Just like Hurricane Idalia altered his plans last week, the major storm shook us for a loop here in Osceola County, even though it made its worst hit hundreds of miles up the Gulf coast.
And, just like forecasts change on the past of a hurricane like that, so did information about what was going on locally, particularly on Tuesday.
Here at the News-Gazette, Tuesdays are spent putting Thursday’s print product together, so we can ship it to the printing plant late that afternoon. Normally, it returns on the truck Wednesday to get in the vehicles that bring it to you Thursday. Last week, that timeline got shortened by Idalia, so by late lunchtime Tuesday we were “done” – we thought. So I ran to a local eatery to grab a bite to eat and decompress for a few minutes.

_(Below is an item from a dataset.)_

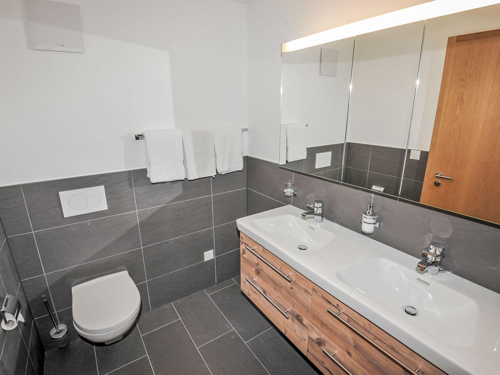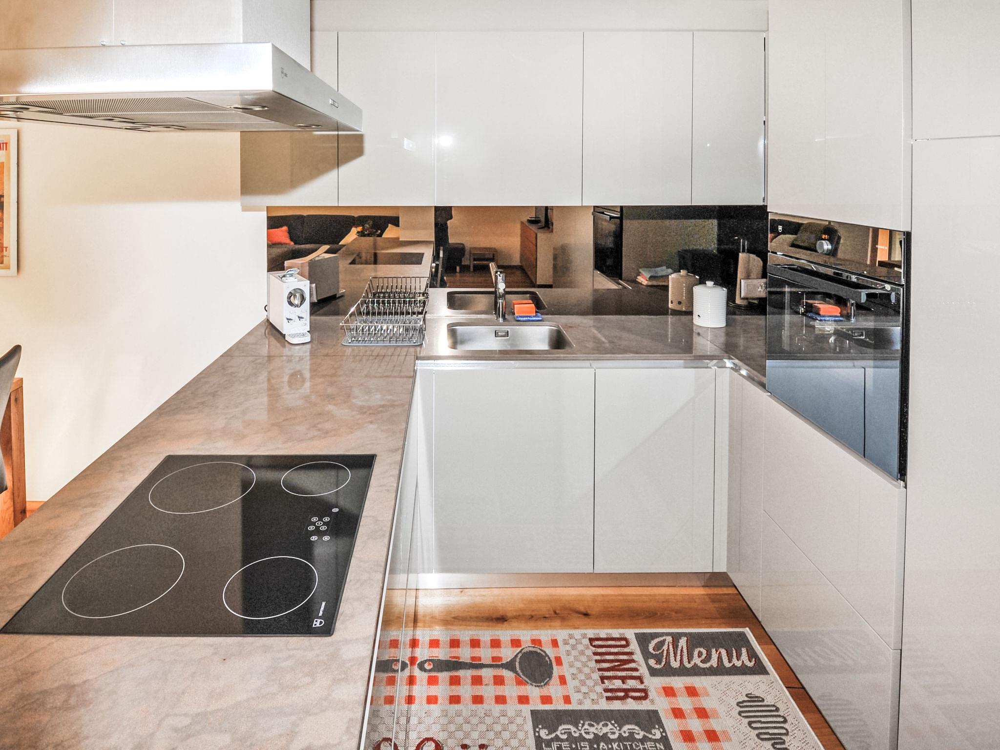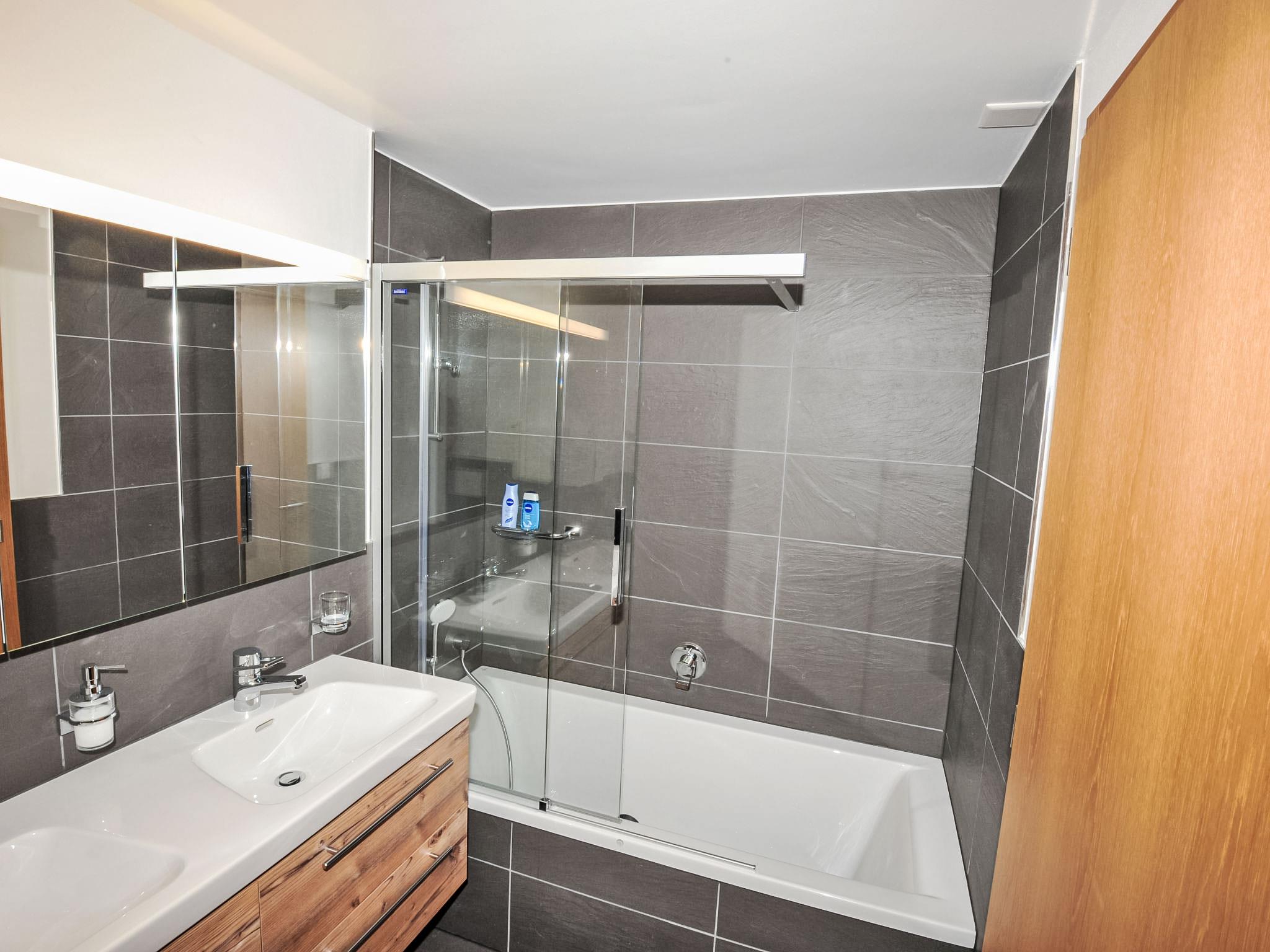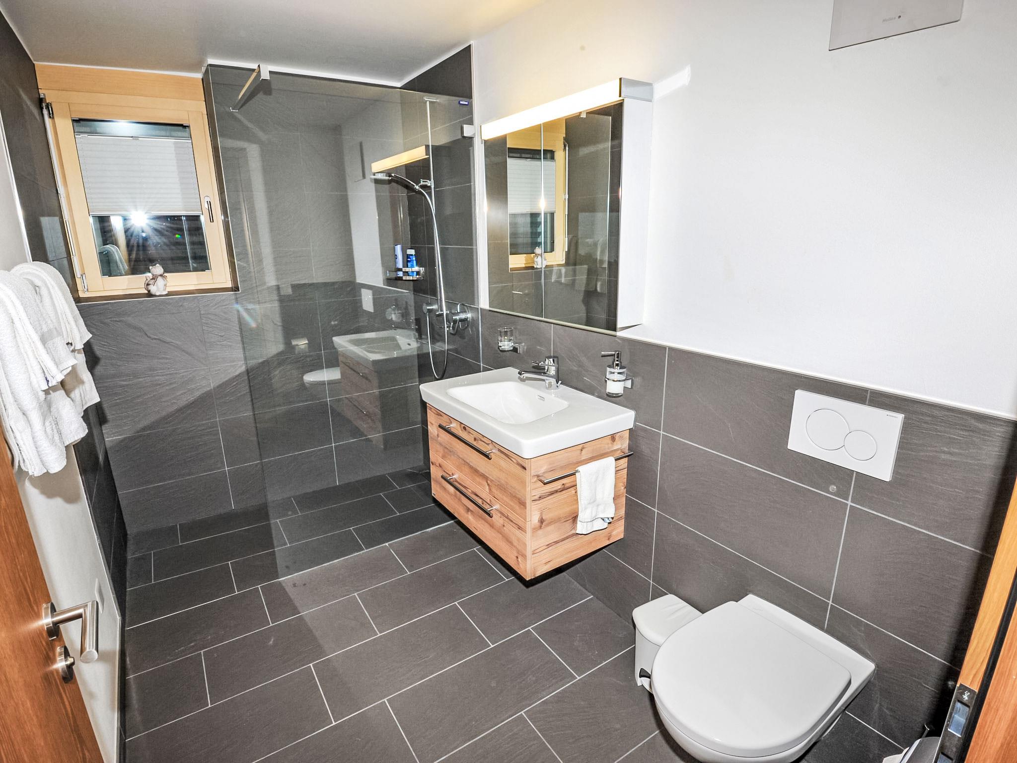 4-room apartment 128 m2, on the ground floor. Renovated in 2016, modern and tasteful furnishings: living/dining room with dining table, TV and DVD. Exit to the terrace. 1 double bedroom with 1 double bed (2 x 90 cm, length 210 cm). 1 double bedroom with 1 double bed (2 x 90 cm, length 210 cm), bath/WC. 1 room with 1 double bed (2 x 80 cm, length 210 cm). Open kitchen (oven, dishwasher, 4 ceramic glass hob hotplates, toaster, kettle, freezer, electric coffee machine, raclette grill, fondue Set (chinoise, cheese)). Shower/WC. Large terrace, south facing position. Terrace furniture. Side view of the mountains. Facilities: hair dryer. Internet (WiFi, free). Please note: non-smokers only. 7
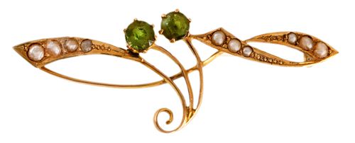 SCROLL BAR BROOCH, in gold (15ct; 2.65g; 45x17mm), attributed to maker, Aronson & Co, features a scrolling bar containing ten seed pearls and at the top are two claw set green gemstones, pin-back. Good very fine.

While eating my lunch I saw the alert that Gov. Ron DeSantis had added Osceola and Orange counties to his storm-related emergency declaration. “Oh boy, what’s this mean?” I thought.
Didn’t even take 15 minutes for that question to be answered. That’s how long it took for the Osceola School District to announce it was reversing its decision from that morning and would NOT open schools Wednesday. It started a domino effect, and within the next two hours every area government and utility agency announced Wednesday closures, after county officials announced at a 11:45 a.m. press conference that there wouldn’t be closures. Even our office would close.
When Category 3 and 4 hurricanes are involved, things come at you fast. Face it, we could have gone to work and to school in the weather we got Wednesday; we’ve gone in and driven home in far worse. But, for the schools, the events would have been a “bad look” in any case. At first, Osceola would have been an island on Wednesday, with Polk, Lake and Orange counties deciding to close. Then, by reversing course, some parents lashed out at the district and its fairly new superintendent Mark Shanoff for the course of events.
Come on, people. Decision makers do what they do based on the information they have at the time of making them. I actually liked the idea of schools staying open here at first. It meant not having to change up the schedule down the road to make up a day.
The district’s new superintendent has been solid and transparent. If nobody has told him this yet, Dr. Shanoff is on a roll.
And, now, we wait to see what future Hurricane Lee is going to do in the Atlantic. It’s an early September tradition.
And, speaking of September traditions, we will mark the anniversary of the 9/11 attacks on Monday. Has it really been 22 years?